▶ Available data
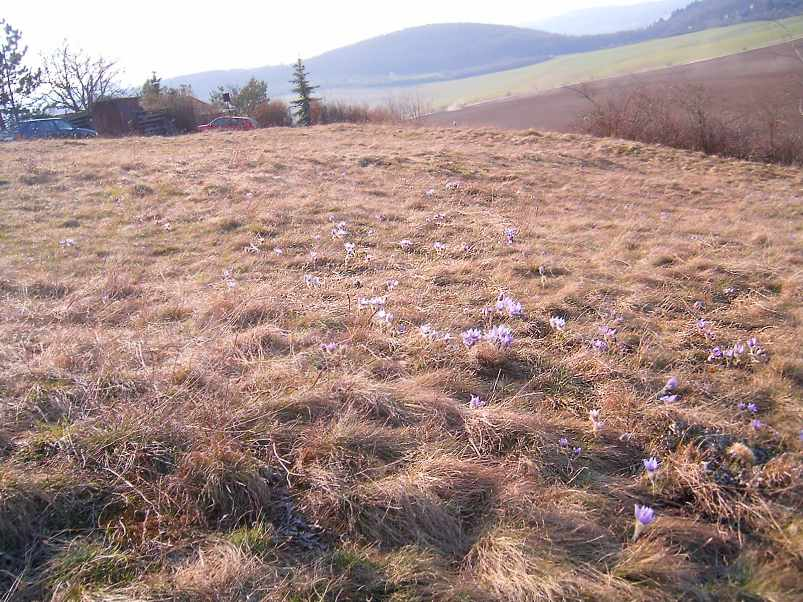 Pulsatilla grandis, Pasque flower .Sunny,stoned,dry place. Nature relic "Netopýrky", Brno Komín,Czech republic,Evropa.
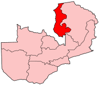 Map of Zambia showing Luapula province.
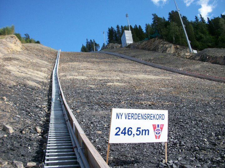 World SkyFly Record landing point at Vikersundbakken. Taken during a vacation visit to Vikersund, Norway
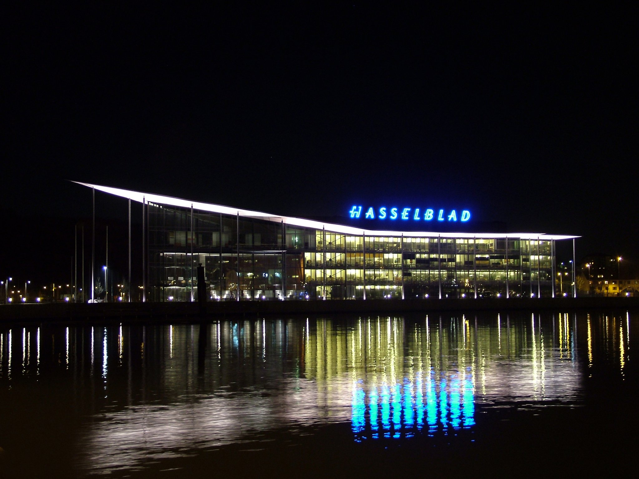 Hasselblad Headquarter

▶ How to complete this task
Return only the lines from the one that contains "Map of Zambia showing Luapula province." through the closing line of the data, inclusive, reproduced exactly and with every picture left out.

▶ Task response
 Map of Zambia showing Luapula province.
 World SkyFly Record landing point at Vikersundbakken. Taken during a vacation visit to Vikersund, Norway
 Hasselblad Headquarter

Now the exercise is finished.